If I had unix I could use tar -cf - | tee tar -xf /stick1 | tee tar -xf /stick2 etc which means I'd only have to pull 1 copy (2*8Gb) from each camera once, on the USB2.0 interface.

The memory sticks are generally on a hub on the single USB3.0 interface that is driven on different channel so write sufficently fast.

For reasons, I'm stuck using the current Win10 PowerShell.

I'm currently writing the whole command to a string (concatenating the various sources and the various targets) and then using Invoke-Process to execute the copy process while I'm entertaining and buying the rounds in the pub after the shoot. (hence the necessity to be afk).

I can tar cf - | tar xf a single file, but can't seem to get the tee functioning correctly.

I can also successfully use the microSD slot to do a single cameras card which is not as physically nice but is fast on one cameras recording, but I still have the bandwidth issue on the remaining camera(s). We may end up with 4-5 source cameras at the same time which means the read once, write many, is still going to be an issue.

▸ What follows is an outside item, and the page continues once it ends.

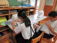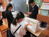 6年 家庭科「生活を豊かに ソーイング」 ミシンを使ってナップザックを作っています。

Edit: I've just advanced to play with Get-Content -raw | tee \stick1\f1 | tee \stick2\f1 | out-null . Haven't done timings or file verification yet....

Edit2: It seems like the Get-Content -raw works properly, but the functionality of PowerShell pipelines violates two of the fundamental Commandments of programming: A program shall do one thing and do it well, Thou shalt not mess with the data stream. For some unknown reason PowerShell default (and only) pipeline behaviour always modifies the datastream it is supposed to transfer from one stream to the next. Doesn't seem to have a -raw option nor does it seem to have a $session or $global I can set to remedy the mutilation.

How do PowerShell people transfer raw binary from one stream out, into the next process?


Solution

  • May be not quite what you want (if you insist on using built in Powershell commands), but if you care about speed, use streams and asynchronous Read/Write. Powershell is a great tool because it can use any .NET classes seamlessly.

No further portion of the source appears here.